Records from a data source
- Opening Delimiter -

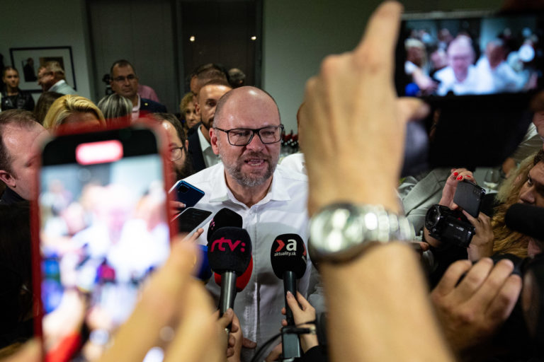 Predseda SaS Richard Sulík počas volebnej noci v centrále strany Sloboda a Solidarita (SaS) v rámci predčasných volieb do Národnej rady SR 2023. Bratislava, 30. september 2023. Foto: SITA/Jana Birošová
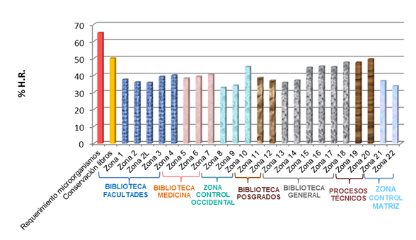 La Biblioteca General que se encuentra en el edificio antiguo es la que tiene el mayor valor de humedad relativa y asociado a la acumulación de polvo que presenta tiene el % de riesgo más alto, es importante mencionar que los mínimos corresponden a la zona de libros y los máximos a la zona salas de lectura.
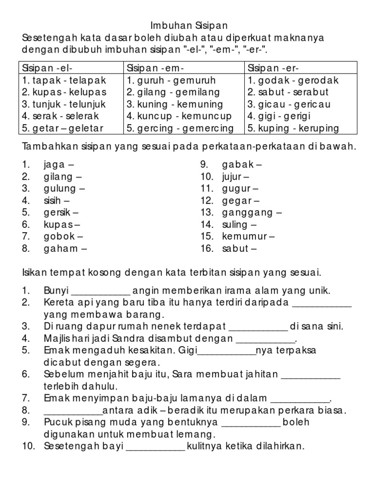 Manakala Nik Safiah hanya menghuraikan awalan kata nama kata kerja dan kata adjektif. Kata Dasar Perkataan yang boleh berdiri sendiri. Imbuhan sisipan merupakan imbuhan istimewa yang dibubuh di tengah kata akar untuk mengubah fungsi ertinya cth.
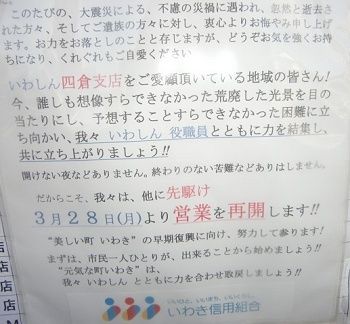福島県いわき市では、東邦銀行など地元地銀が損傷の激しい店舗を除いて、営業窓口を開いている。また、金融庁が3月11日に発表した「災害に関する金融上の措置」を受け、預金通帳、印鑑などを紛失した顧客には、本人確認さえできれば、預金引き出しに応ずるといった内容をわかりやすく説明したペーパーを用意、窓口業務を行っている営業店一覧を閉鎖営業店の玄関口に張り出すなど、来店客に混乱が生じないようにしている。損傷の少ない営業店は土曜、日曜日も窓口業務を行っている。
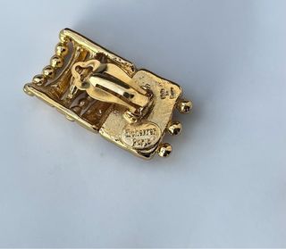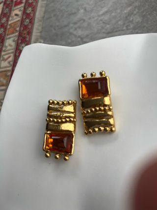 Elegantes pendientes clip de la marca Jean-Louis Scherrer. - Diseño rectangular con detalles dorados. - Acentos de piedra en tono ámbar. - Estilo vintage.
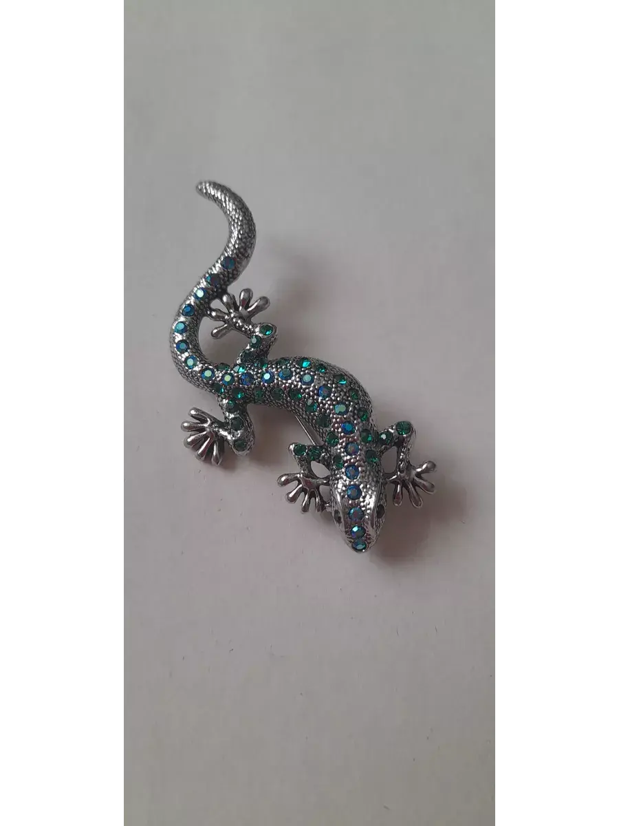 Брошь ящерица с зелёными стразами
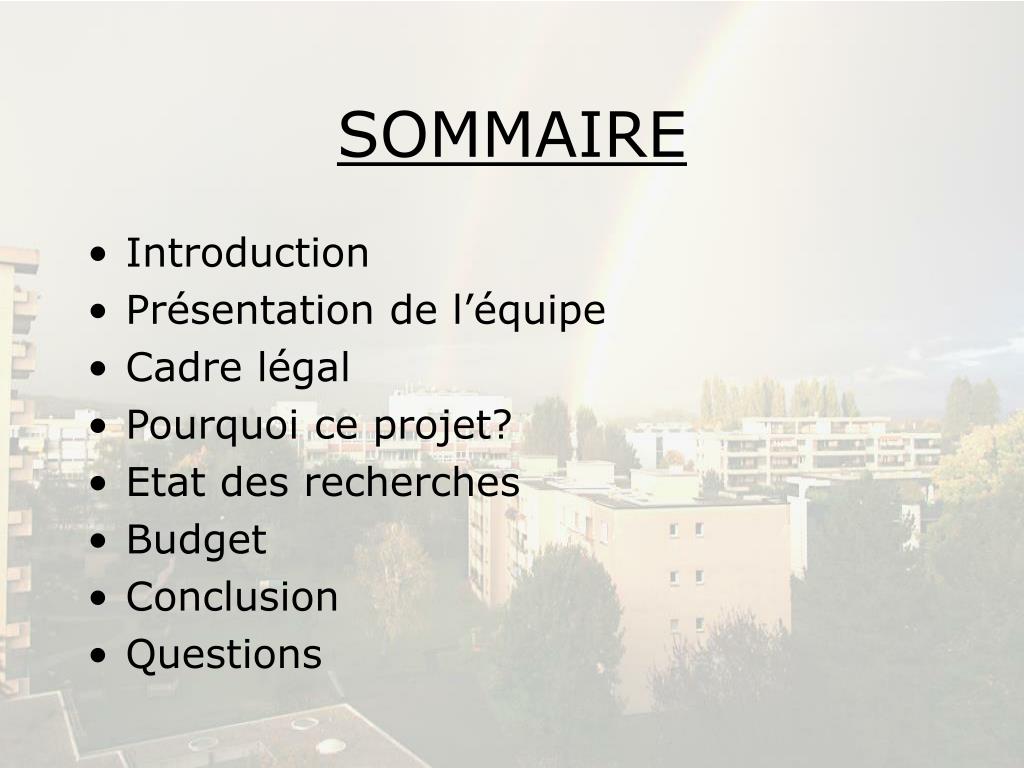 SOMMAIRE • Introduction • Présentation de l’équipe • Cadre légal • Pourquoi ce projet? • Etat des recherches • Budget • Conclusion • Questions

- Closing Delimiter -

Exercise »
Leave out the pictures and repeat exactly the lines from the one containing "Брошь ящерица с зелёными стразами" through the last line of the entries.

Expected output »
 Брошь ящерица с зелёными стразами
 SOMMAIRE • Introduction • Présentation de l’équipe • Cadre légal • Pourquoi ce projet? • Etat des recherches • Budget • Conclusion • Questions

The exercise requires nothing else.